Stock Review: PANTALOON RETAIL

Rising same-store sales growth, retail focus and operational improvements should help the company post robust revenues

The stock of India's largest listed retailer is down 24 per cent since the start of the year over fears that rising interest rates and inflation could impact its margins and sales. Despite the under performance, most analysts have a buy rating on the stock, as they believe the company is likely to sustain astrong double-digit same store sales (SSS) growth across verticals and is attractively valued. Analysts at Religare Capital Markets believe the company's efforts to focus on core retail operations, improvement in working capital efficiency and consequently lower capital deployment could generate value for investors.

SUSTAINING HIGHER VOLUMES

After a disappointing CY09, when the same-store sales growth across segments grew 6-12 per cent, in CY10 it has been in the 12-21 per cent range.

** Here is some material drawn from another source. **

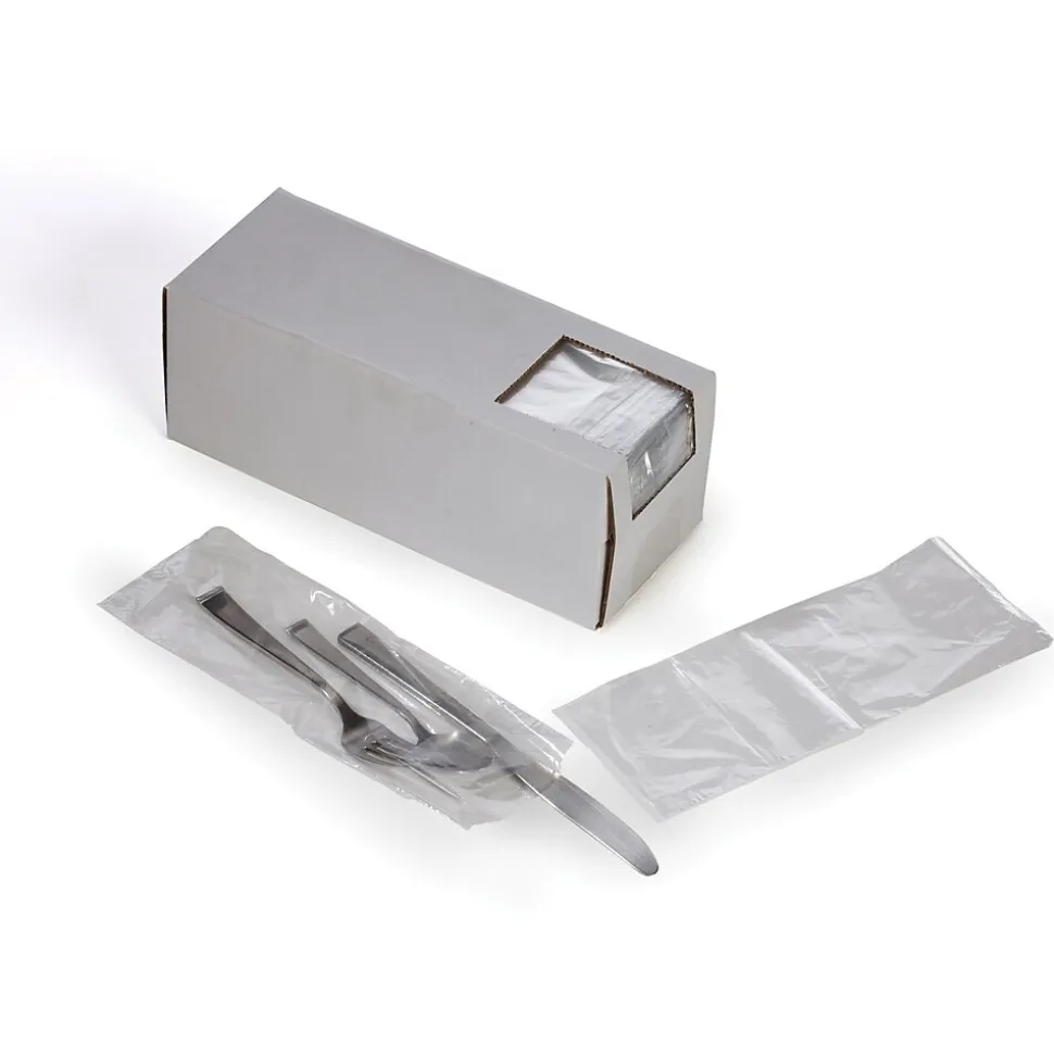 Our 0.6 mil Silverware bag in clear color in dispenser box features a fold-over flap that closes bag without tying or sealing for fast loading of silverware. 3.75″ x 10″ Bag is made of low-density polyethylene film, sold as 2000 per case.

Analysts estimate that the overall SSS for the company is likely to be at 14-15 per cent. While the value and lifestyle segments are doing well, the company is struggling to make profits for the home division. Though volumes and SSS are encouraging, rising inflation is a worry. The company increased prices 12-15 per cent from March, which could impact sales growth, believe analysts at Motilal Oswal. Further, the imposition of excise duty on branded apparel can impact sales growth in the high margin apparel segment in the coming quarters. A key concern of the market has been the company's stakes and investments in unrelated subsidiaries. However, with focus on core-retail operations, plans to list some subsidiaries and get new partners should help bring down the incremental capital deployed in subsidiaries. The company is likely to look at a moderate expansion at about 2 million square feet every year, lower than the previous years.

MODERATE DROP IN MARGINS

The company had Ebdita margins of 9.2 per cent in 2009-10 and is likely to end 2010-11 at about 8.8 per cent. According to analysts, margins are likely to drop 8-8.5 due to higher contribution from the value retail business. Unlike lifestyle business (Pantaloon, Central), which fetches Ebidta margins upwards of 15 per cent, the value segment (Big Bazaar, Food Bazaar) earns single-digit margins. With food being the fastest growing business for the company, analysts believe margin expansion in the short-to-medium term is unlikely. In fact, its margins for the December quarter fell 150 bps y-o-y to 8.6 per cent due to inadequate price rises, losses in the electronics business and higher sales of food retailing in the overall mix. In addition to the product mix, the company has to contend with cost inflation both in food as well as other product categories.

FINANCIALS AND VALUATIONS

Analysts believe the company is likely to counter a further increase of prices by raising product rates as well as focusing on faster SSS growth. However, if product prices continue to rise, it is likely to impact demand, especially discretionary spending (apparels, home), as was the case in 2008-09. A sharp rise in prices will also impact the value category that generates over 60 per cent of the company's revenues. While rising interest costs are a worry, they are likely to trend down from an estimated 3.8 per cent of sales in 2010-11 to about 3.2 per cent in 2012-13, believe Religare analysts. This coupled with a strong top-line growth are likely to drive earnings for the core retail business by 27.6 per cent for the period FY 2011-13. Analysts peg the sum-of-the-parts valuation for the company, which includes the core retail and the financial services business, at `360-435. Given the growth prospects and peer valuations, the stock (Rs 281) is reasonably valued at 21 times 2011-12 earnings.